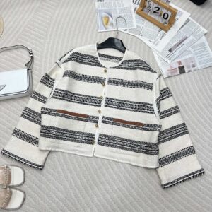Celine24Fw early autumn new tweed striped cardigan jacket
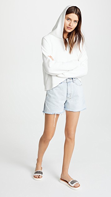 Alexander Wang 这款 “Bite” 高腰短裤以浅蓝色牛仔布制于日本,褪色、刷纹设计和手工做旧的毛边裤脚合力带来久穿爱物般的复古气息。
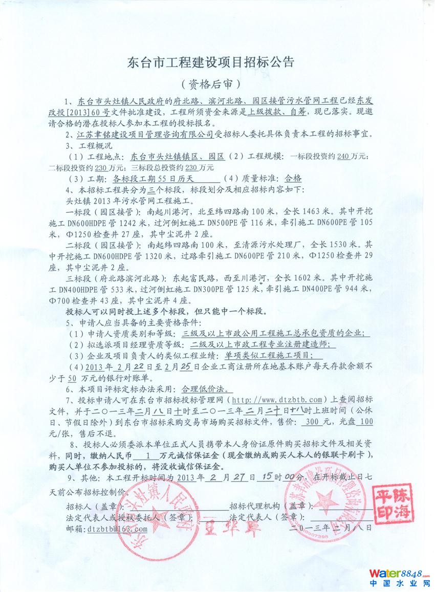 核心提示:東臺(tái)市頭灶鎮(zhèn)府北路、濱河北路、園區(qū)接管污水管網(wǎng)工程 【信息時(shí)間: 2013/2/8】【
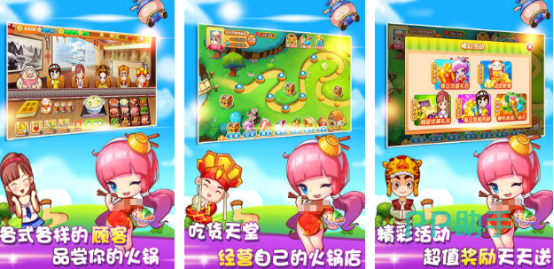 流行的独立作品扮演火锅店老板开发各种具有特色的火锅,将不同时采集合在一起,所设计的口味是有所差异的,喜欢的人群也完全不同。可任意接待不同类型的顾客,为了创作出全新新品,培养厨师与服务员,开办连锁店面逐渐扩张阵容。多种经营方式,任意挑选不同的经营玩法,给你带来不一样的欢乐,要凭借着足够的智慧来设定相应的营销策略。
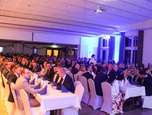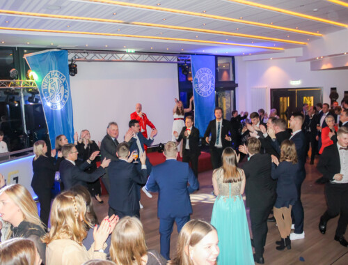 Der Festsaal wurde wieder in einem herausragenden Ambiente mit einer großen Showbühne, feierlicher blau-weißen Dekoration, Vereinsfahnen und stimmungsvoller Beleuchtung präsentiert. Das gepaart mit der stilvollen Abendgarderobe in die sich jeder Gast geworfen hat, bot allen beteiligten eine eindrucksvolle Kulisse.
--------------------
Exercise objective. Please retype all the entries word for word, omitting the pictures.

Solution to this exercise.
Celine24Fw early autumn new tweed striped cardigan jacket
 Alexander Wang 这款 “Bite” 高腰短裤以浅蓝色牛仔布制于日本,褪色、刷纹设计和手工做旧的毛边裤脚合力带来久穿爱物般的复古气息。
 核心提示:東臺(tái)市頭灶鎮(zhèn)府北路、濱河北路、園區(qū)接管污水管網(wǎng)工程 【信息時(shí)間: 2013/2/8】【
 流行的独立作品扮演火锅店老板开发各种具有特色的火锅,将不同时采集合在一起,所设计的口味是有所差异的,喜欢的人群也完全不同。可任意接待不同类型的顾客,为了创作出全新新品,培养厨师与服务员,开办连锁店面逐渐扩张阵容。多种经营方式,任意挑选不同的经营玩法,给你带来不一样的欢乐,要凭借着足够的智慧来设定相应的营销策略。
 Der Festsaal wurde wieder in einem herausragenden Ambiente mit einer großen Showbühne, feierlicher blau-weißen Dekoration, Vereinsfahnen und stimmungsvoller Beleuchtung präsentiert. Das gepaart mit der stilvollen Abendgarderobe in die sich jeder Gast geworfen hat, bot allen beteiligten eine eindrucksvolle Kulisse.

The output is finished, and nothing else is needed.